SRAM isn't blank on powerup, is this normal?
Unless you have an initial state programmed, it will be more or less random. Although this may vary with different SRAM implementations. You also say "blank". Some might think that random is "blanker" than all 0's.
SRAM memory stores memory on back to back inverters.
This forms a bi-stable system (two very stable states with metastability dividing them). So, upon power up the back to back inverters are briefly metastable.
This happens because as the voltage ramps up (from being turned on), both NMOS and PMOS of the back to back inverters would be 'equally' on, holding both bitnodes at half the supply voltage (this is the metastable state). Eventually some thermal noise (or any process that introduces variation) pushes or pulls this value down or up a little bit. At this point the bitnodes snap into one of their bistable states.
- As an example, consider \$ Q=Q'=\frac{V_{supply}}{2} \$
- Next, some thermal noise on Q increases the voltage up to \$ \frac{V_{supply}}{2} + \delta \$
- Now, the NMOS feeding Q' gets turned on just a little bit more. And the PMOS feeding Q' gets turned off just a little bit more. So Q' pulls down from \$ \frac{V_{supply}}{2}\$ to \$ \frac{V_{supply}}{2} - \delta \$.
- Next, since the voltage at the gate of the FET's driving Q node decreases, the PMOS turns on a little more (and NMOS turns off more). This causes Q to increase further to the supply. And this quickly snaps Q' to 0 and Q to 1.
In fact, there is even a paper "Power-Up SRAM State as an Identifying Fingerprint and Source of True Random Numbers"
One very helpful plot contained in the paper is below. The dotted line represents the supply voltage ramping up:
- On the left-side, everything is equal. In this case, random variation due to temperature or another number of factors bumps the bitnode into one state or the other.
- On the right side, there is a bitnode which is skewed (purposefully or otherwise) to be much more likely to initialize in a particular state.
Depending on how each bitnode in the SRAM you are using currently was fabricated, you end up with more or less of one of the two situations above. In both cases, unless you intentionally skewed the SRAM, the initial outputs would look more or less random.

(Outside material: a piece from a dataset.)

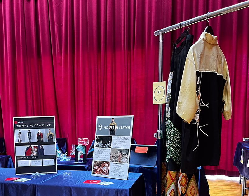 弊社からは、リユース着物を現代に作り替えるアップサイクルブランド「House of MATOI」のブースを設置。また、他社様からご提供いただいたプラスチックなどから新たなものを生み出すアップサイクル品の展示も数多く行いました。

In the left-hand situation, each subsequent powerup would generate more random patterns. In the right-hand situation, the initial startup would be seemingly random. But further powerups would cause the SRAM to tend to further certain states.
Having worked with SRAM for many years, I can tell you that it will power up with seemingly random contents, although I have seen devices that power up with nearly the same random looking contents each time. If the power off cycle is short enough (depending on power supply characteristics and the number & value of bypass capacitors), large fragments of previously written data can linger in the SRAM through power cycles - although the content will be corrupted.
A single bit is stored in a SRAM in a circuit of 6 or more transistors. If you want a defined power on reset behaviour for the SRAM, each RAM cell would need more than 6 transistors only. The needed chip area will be substantially larger and the SRAM chips will be more expensive. This is a parallel power on reset of all bits at the same time. A serial reset would require an oszilator, an address counter and enough time during power up to resets all RAM bits or bytes sequentially. If the processor accesses the SRAM before the serial power on reset is finished, errors may occur and data may be lost or changed.
There are programming environments for microprocessors with detailed memory mapping of several RAM areas. You may define an area with or without a power on reset as required by the application. Several different areas within the same SRAM are possible. It is not always necessary to reset the whole SRAM on programm start.